- EXERCISE DESCRIPTION: Skip all pictures, then copy the lines from the start of the data through the line with "Esse mapa conceitual, produzido", keeping both ends.

- MATERIAL FOR THIS TASK:
%%

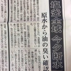 本日、2月16日午後5時から塩竈市が突然の断水となりました。 塩竈市は、2系統の水源から源水を取水しています。 その内の大倉川の沿川(地震の影響?)で油漏れがあり、それが水道に混入したようです。 断水になったのは10年ぶ[…]
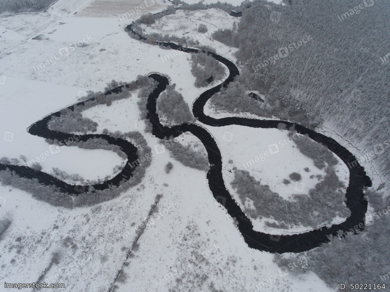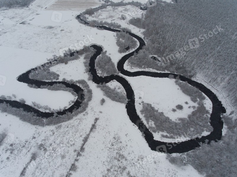 Beautiful winter nature. Aerial view of curved river. Snowy forest and field.
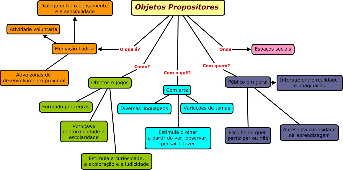 Esse mapa conceitual, produzido no IHMC CmapTools, tem a informação relacionada a: Objetos_Propositores, Com arte ???? Estimula o olhar a partir do ver, observar, pensar e fazer, Com arte ???? Diversas linguagens, Público em geral ???? Apresenta curiosidade na aprendizagem, Mediação Lúdica ???? Diálogo entre o pensamento e a sensibilidade, Objetos e jogos ???? Formado por regras, Objetos e jogos ???? Variações conforme idade e escolaridade, Mediação Lúdica ???? Atividade voluntária, Mediação Lúdica ???? Ativa zonas de desenvolvimento proximal, Objetos Propositores Onde Espaços sociais, Com arte ???? Variações de temas, Público em geral ???? Escolhe se quer participar ou não, Objetos e jogos ???? Estimula a curiosidade, a exploração e a ludicidade, Público em geral ???? Interage entre realidade e imaginação, Objetos Propositores Com quem? Público em geral, Objetos Propositores Com o quê? Com arte, Objetos Propositores Como? Objetos e jogos, Objetos Propositores O que é? Mediação Lúdica
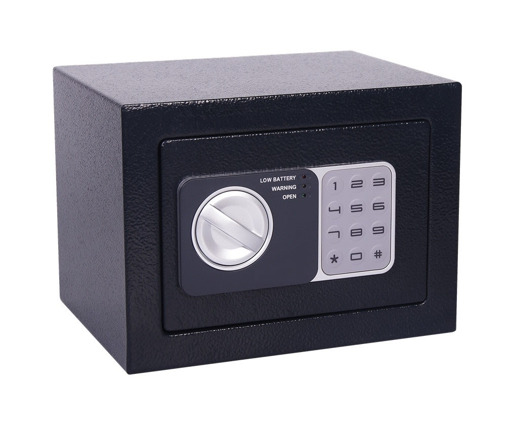 Turvaa asiakirjat ja arvoesineet luvattomalta käytöltä. Kassakaappi toimii ohjelmoitavalla 3-8 numeroisella koodilla, jonka ansiosta kaappia voi käyttää useampi henkilö. Mukana tulee kaksi avainta, joka mahdollistaa hätäavauksen avaimella. Elektroninen lukitus toimii 4x1,5V AA paristoilla, jotka sisältyvät toimitukseen. Kassakaapissa on kiinnitysreiät (2 kpl takana ja 2 kpl pohjassa, halkaisija 6 mm), joista se voidaan kiinnittää lattiaan tai seinään. Ovessa on kaksi salpaa, kummankin halkaisija 20 mm. Kassakaapissa on kolme indikaattorivaloa, jotka toimivat varoitusvaloina, näyttää alhaisen paristotason sekä sen, onko kassakaappi auki. Kassakaapin pohjassa on suojaava matto. Toimitukseen kuuluu kaksi avainta, paristot sekä kiinnitystarvikkeet seinään tai lattiaan.
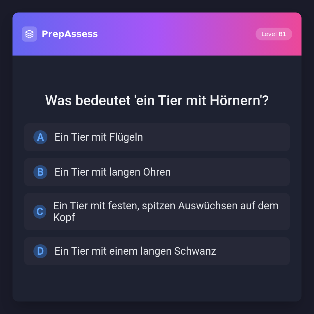 Ein Tier mit Hörnern hat feste, spitze Auswüchse auf dem Kopf. Die anderen Optionen beschreiben andere körperliche Merkmale.
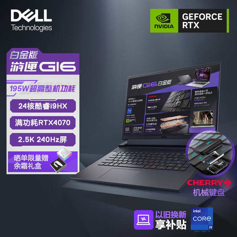 戴尔(DELL)游匣G16 游戏本笔记本电脑16英寸电竞本(24核酷睿i9HX 16G 1TB RTX4070 2.5K 240Hz CHERRY键盘)黑价格:10999.00元!
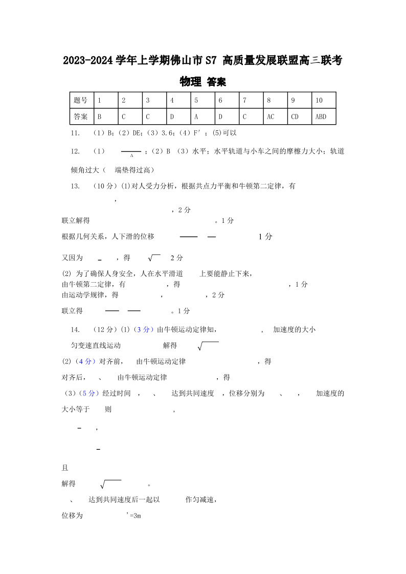 广东省佛山市S7高质量发展联盟2024届高三上学期联考物理答案
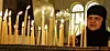 En ortodox kvinna i Syrien tänder ett ljus i en kyrka i Damaskus.
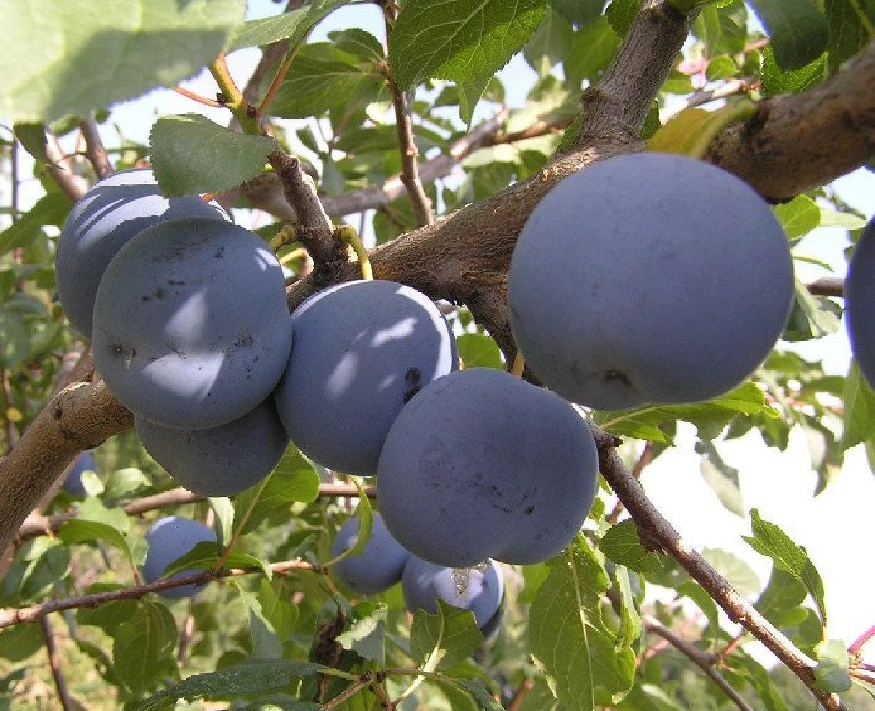 Среднего срока созревания. Дерево среднего размера, с шаровидной кроной. Поды крупные, одномерные, средней массой 34,8 г, широкоокруглой формы. Основная окраска плода зеленая, покровная - темно-фиолетовая, сплошная. Кожица грубая, голая, с сильным восковым налетом, с плода снимается с трудом. Мякоть янтарная, сочная, тонковолокнистая. Сок светло-красный. Вкус кисловато-сладкий. Дегустационная оценка - 4,5 балла. Косточка хорошо отделяется от мякоти.

%%

- TASK RESULT:
 本日、2月16日午後5時から塩竈市が突然の断水となりました。 塩竈市は、2系統の水源から源水を取水しています。 その内の大倉川の沿川(地震の影響?)で油漏れがあり、それが水道に混入したようです。 断水になったのは10年ぶ[…]
 Beautiful winter nature. Aerial view of curved river. Snowy forest and field.
 Esse mapa conceitual, produzido no IHMC CmapTools, tem a informação relacionada a: Objetos_Propositores, Com arte ???? Estimula o olhar a partir do ver, observar, pensar e fazer, Com arte ???? Diversas linguagens, Público em geral ???? Apresenta curiosidade na aprendizagem, Mediação Lúdica ???? Diálogo entre o pensamento e a sensibilidade, Objetos e jogos ???? Formado por regras, Objetos e jogos ???? Variações conforme idade e escolaridade, Mediação Lúdica ???? Atividade voluntária, Mediação Lúdica ???? Ativa zonas de desenvolvimento proximal, Objetos Propositores Onde Espaços sociais, Com arte ???? Variações de temas, Público em geral ???? Escolhe se quer participar ou não, Objetos e jogos ???? Estimula a curiosidade, a exploração e a ludicidade, Público em geral ???? Interage entre realidade e imaginação, Objetos Propositores Com quem? Público em geral, Objetos Propositores Com o quê? Com arte, Objetos Propositores Como? Objetos e jogos, Objetos Propositores O que é? Mediação Lúdica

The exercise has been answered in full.